Coming-Soon-Website erstellen und richtig nutzen
Sie planen einen Website-Launch oder Relaunch? Eine Coming-Soon-Seite informiert Besucher, weckt Interesse und sammelt erste Kontakte – noch bevor Ihre Website fertig ist.
Auf einen Blick
Zielgruppe
- Gründer vor dem Website-Launch
- Unternehmen vor einem Relaunch
- Selbstständige in der Aufbauphase
Voraussetzungen
- Eine registrierte Domain
- Grundlegende Vorstellung vom Projekt
- Optional: Logo und Farbschema
Was ist eine Coming-Soon-Website?
Eine Coming-Soon-Website ist eine temporäre Einzelseite, die auf Ihrer Domain erscheint, solange die eigentliche Website noch nicht fertiggestellt ist. Sie hat genau eine Aufgabe: dem Besucher klar zu machen, dass hier bald etwas Neues entsteht – und ihn so zu behandeln, dass er wiederkommt oder in Kontakt bleibt.

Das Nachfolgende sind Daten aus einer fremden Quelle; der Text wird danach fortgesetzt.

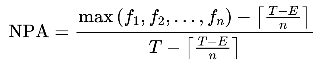 2.医学大模型评价2.1.介绍随着大语言模型在医学领域上的发展,构建一个好的评价方式愈发重要,但是,当前的评价方式或多或少地存在一些缺陷,导致评测结果不能准确反应模型性能,从而影响评测结果的公正性。其中,使用选择题评估大语言模型能力的方法存在显著问题。由于大语言模型对同一问题可能给出不同的答案,这种回答的不一致性导致选择题上的性能指标无法全面准确地反映模型的实际性能。为此,我们设计了多组实验,从单选题的一致性分数、医学领域的复杂问题等角度对多个医学大模型进行评测。 2.2.选择题评测结果首先,为了准确评估选择题测验结果的公正性,我们引入了一个新的度量标准,称为“标准化多数一致性”(Normalized Plurality Agreement,缩写为NPA)。这个指标代表的是,当针对选择题的各个选项进行多轮随机打乱处理后,出现频率最高的选项所占总测试次数的比例的修正值(取值范围:0~1),其计算公式如下所示。

Der Begriff stammt aus dem Englischen und bedeutet so viel wie „demnächst verfügbar”. Im Deutschen sind auch Bezeichnungen wie Vorankündigungsseite oder Platzhalter-Website gebräuchlich, aber das internationale „Coming Soon” hat sich auch im deutschsprachigen Raum durchgesetzt.
Was eine Coming-Soon-Seite von einer normalen Website unterscheidet, ist ihre Konzentration auf das Wesentliche: Sie enthält keine vollständige Navigation, keine umfangreichen Texte und keine verschachtelten Unterseiten. Stattdessen liefert sie eine klare Aussage, einen ersten Eindruck Ihrer Marke und – wenn Sie es richtig machen – eine Möglichkeit zur Kontaktaufnahme.
Wichtig zu verstehen
Eine Coming-Soon-Seite ist kein Notbehelf, sondern ein strategisches Instrument. Richtig eingesetzt, kann sie bereits vor dem eigentlichen Launch erste Interessenten ansprechen und Ihre Marke bekannt machen.
Wann eine Coming-Soon-Seite sinnvoll ist
Nicht jede Situation erfordert eine Coming-Soon-Seite. Es gibt jedoch klare Szenarien, in denen sie echten Mehrwert bringt.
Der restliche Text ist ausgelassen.